A dependency management system should ideally have at least the following characteristics:
- Run a process only if its prerequisites ran correctly
- After a failure, offer the option to re-run all the processes or only the processes which failed
- Trace the outcome of each process (ran successfully, failed, did not run)
- Run dependent processes dynamically (rather than statically, i.e. based on date/time)
Let’s enumerate some of the possibilities offered by Data Services, with their respective pros and cons.
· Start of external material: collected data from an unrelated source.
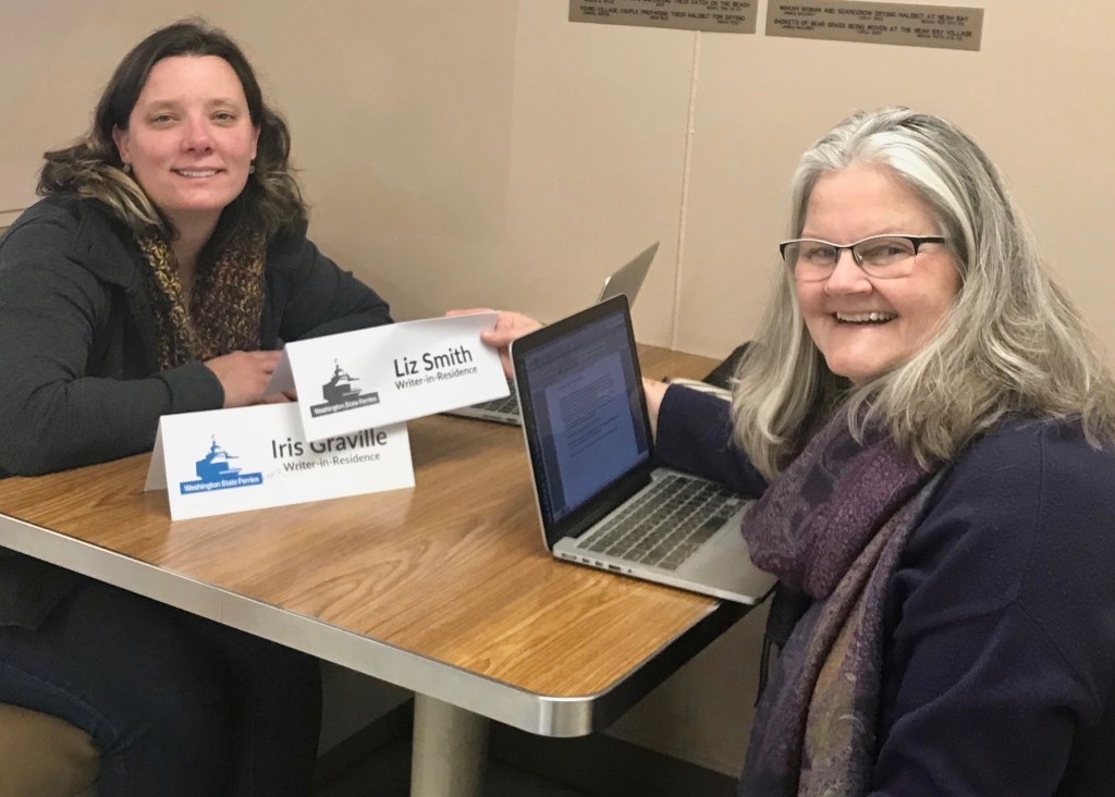 Following a hiatus due to COVID-19, the role of Writer-in-Residence (WIR) on the interisland ferry will resume again in January 2024. Lopez Island resident Iris Graville (right) developed the residency and served as the first WIR in 2018 (visit her blog posts from her term at www.writingtheinterisland.org.). The second WIR, from 2019-2020, was San Juan Island writer Liz Smith (left).
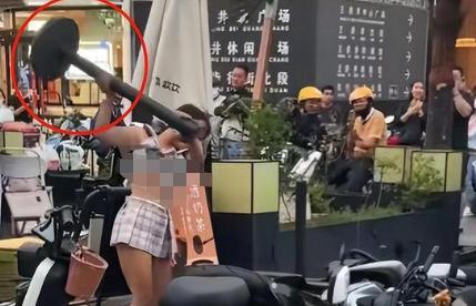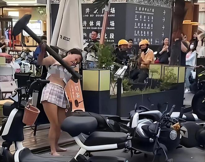 只见她穿着超短裙、衣不蔽体,在大街上旁若无人地发疯,“疯狂”砸他人摩托车,甚至还想将其点燃!
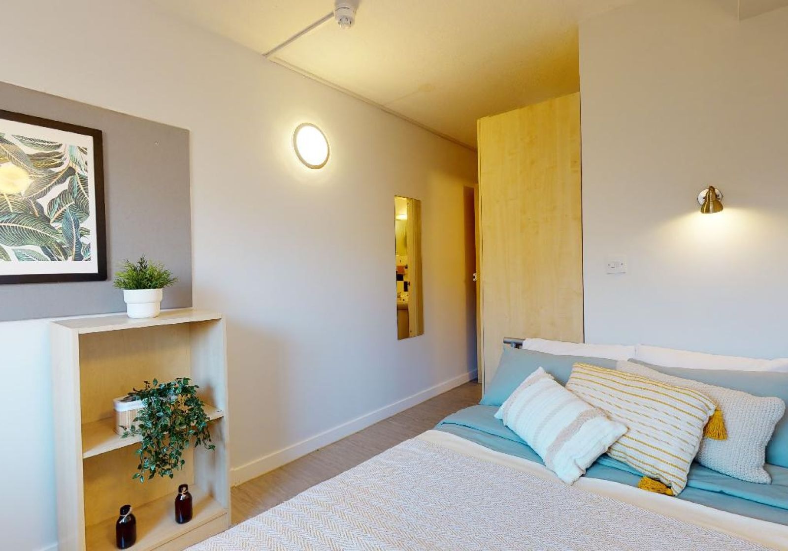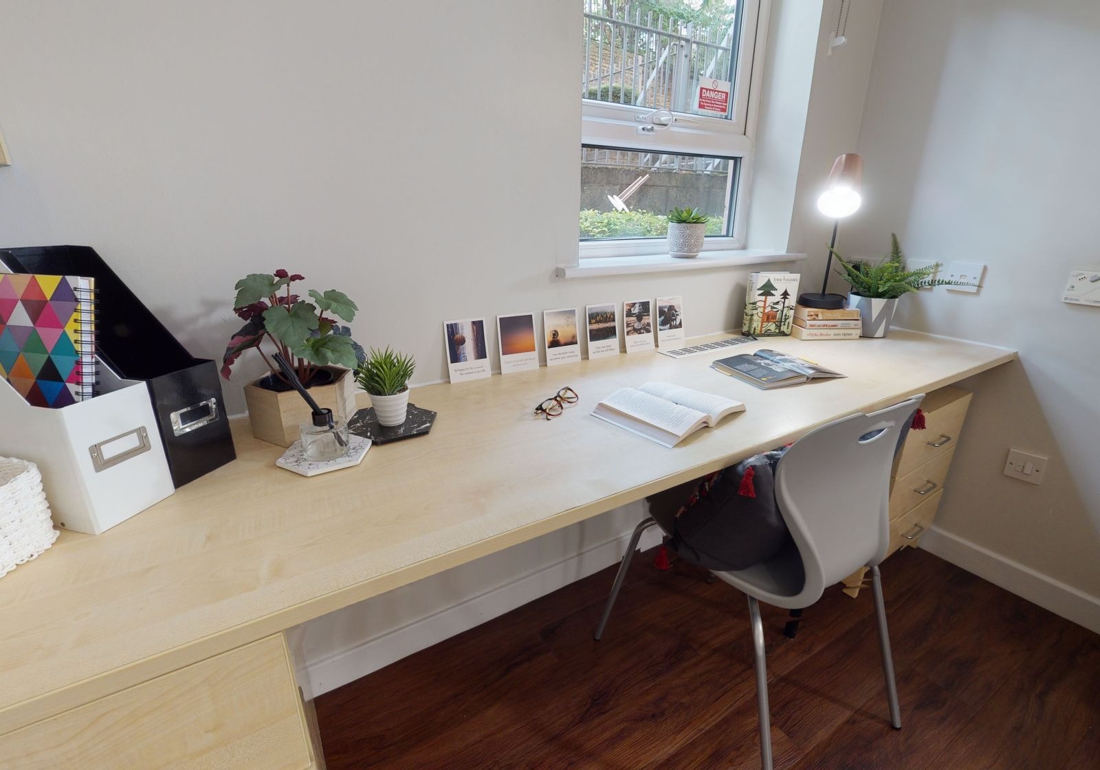 Our rooms have everything you need in 13 sq m, including your own private shower and toilet. With cupboards, drawers and a desk, there’s plenty of space for all your bits and room to study. A small double bed means you don’t need to compromise on your sleep either. Your shared kitchen and communal space completes the package to give you everything you need.

1) One job with all processes inside. This is very easy to implement, dynamic in terms of run times, but it doesn’t allow for concurrent runs. Most importantly, it means that failures have to be managed so that the failure of one process does not stop the whole job.
2) One process per job, with jobs scheduled at specific times. This is very easy to implement, allows concurrent runs, but is not dynamic enough. If the process durations increase with the months/years, jobs may overlap.
3) One main job calling other jobs (for example with execution commands or Web Services).
4) One process per job, all the jobs being scheduled at specific times, but checking in a control table if the pre-requisites ran fine. Otherwise they just sleep for some time before checking again.
5) Use the BOE Scheduler to manage jobs based on events (how-to is well described on the SCN). I’ve not tested it yet, but I like this approach.
By default, the first two possibilities only manage the “flow” side of the dependency management (after A, do B). But they do not manage the conditional side of the dependency management (do B only if A was successful). In both cases, a control table updated by SQL scripts would allow the ETL to check if the prerequisite processes have been run correctly.
What I don’t really like in the solutions 2 to 5 is the fact that it’s difficult to have an overview of what’s going on. You cannot really navigate within the whole ETL easily. The solution 1 gives you this overview, but at the cost of having a potentially huge job (without the possibility of processes running concurrently).
Also note that the solutions with multiple jobs will need to manage the initialization of the global variables.
What I miss in all these solutions is an optimal re-start of the ETL. If 10 of my 50 processes failed, and I want to restart these 10 only, do I really have to start them manually?
In my next blog post I’ll propose an architecture that addresses this optimal restart.
Until then, please let me know your thoughts about how you manage your ETL dependencies. Any of the 5 solutions mentioned before? A mix? Something else? And how well does it work for you.